The reasons for this result are not mysterious: Notwithstanding scientists’ best intentions and fervent hopes, much of their work is of limited interest to the community. Any effort to replicate such uninteresting work is thus wasted. To maximize scientific productivity overall, that effort should be spent elsewhere, for example in theory development and test, or in replicating published results deemed interesting.

Theory-testing research

The basic premise of theory-testing research is that the search for effects is structured and guided by the theory. The quality or plausibility of a theory is reflected in how well the theory targets real effects to be tested. We instantiated those ideas by introducing structure into the landscape of true effects and into the experimental search (Methods section). Figure 6 illustrates the role of theory. Across panels, the correspondence between the location of true effects and the search space guided by the theory (parameter \(\rho\)) increases from 0.1 (poor theory) to 1 (perfect theory).
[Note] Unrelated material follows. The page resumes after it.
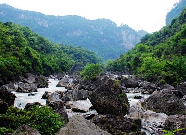 景區(qū)內(nèi)植被茂密,覆蓋度高,植被類(lèi)型較豐富,大部分為亞熱帶原生性較1強(qiáng)的次生林。在河谷兩側(cè)斜坡上有原生性較強(qiáng)的石灰?guī)r山地常綠、落葉闊葉混交林和竹林;在河流周期性淹沒(méi)的河漫灘上以及河流兩岸水邊,有以窄葉蚊母樹(shù)、長(zhǎng)柄竹葉榕、河灘冬青及二翅六道木為優(yōu)勢(shì)的河灘灌叢;在河谷以上低中山黃壤分布地區(qū),有以馬尾松林為優(yōu)勢(shì)的人工針葉林。風(fēng)景區(qū)內(nèi)植物種類(lèi)豐富,有維管束植物414種,分別隸屬275屬116科。其中有不少種類(lèi)的珍稀植物,如國(guó)家一級(jí)重點(diǎn)保護(hù)植物紅豆杉、國(guó)家二級(jí)重點(diǎn)保護(hù)植物櫸樹(shù)、香果樹(shù)、木莢紅豆樹(shù)、三尖杉、銀杏等。

A poor theory is targeting a part of the landscape that contains no real effects, whereas a highly plausible theory targets a segment that contains many real effects.

Fig. 6: The role of theory in the model.
figure 6

Each panel shows the same landscape of ground truth as in Fig. 3. In each panel, the gray contours illustrate the location of true effects (randomly chosen for each replication) and the red lines outline the space of experiments actually conducted as determined by the theory. Unlike in discovery-oriented research, true effects and experiments cluster together. The quality of the theory (determined by parameter \(\rho\)) is reflected in the overlap between the true state of the world (gray cluster) and the experiments (red cluster). The leftmost panel shows a poor theory (\(\rho =0.1\)), the center panel a modestly powerful theory (\(\rho =0.5\)), and the rightmost panel a perfect theory (\(\rho =1.0\)). Each panel represents a single arbitrarily chosen replication.
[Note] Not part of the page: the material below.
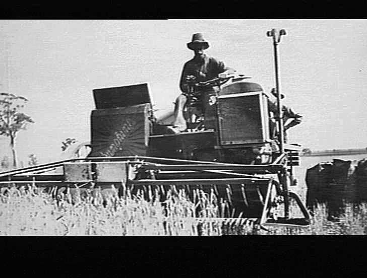 Mr T.J. Page driving his 'W' type Sunshine 'Fordson'-powered auto header at Parkes, N.S.W..

Not unexpectedly, the introduction of theory boosts performance considerably. Figure 7 shows results when all statistical tests focus on rejecting the null hypothesis, with power kept constant at 0.8. When experimentation is guided by a perfect theory (\(\rho =1\)), the number of true phenomena being discovered under either replication regime with a diffuse decision threshold (high temperature) is approaching or exceeding the actual number of existing effects. (Because the same phenomenon can be discovered in multiple experiments, the discovery count can exceed the true number of phenomena.) The cost associated with those discoveries, however, again differs strikingly between replication regimes. In the extreme case, with the most powerful theory, the private replication regime required nearly 40% additional experimental effort compared to the public regime. The cost associated with private replications is thus even greater with theory-testing research than with discovery-oriented research. The greater penalty is an ironic consequence of the greater accuracy of theory-testing research, because the larger number of significant effects (many of them true) automatically entails a larger number of private replications and hence many additional experiments. As with discovery-oriented research, the cost advantage of the public regime persists irrespective of whether frequentist or Bayesian techniques are used to analyze the experiments.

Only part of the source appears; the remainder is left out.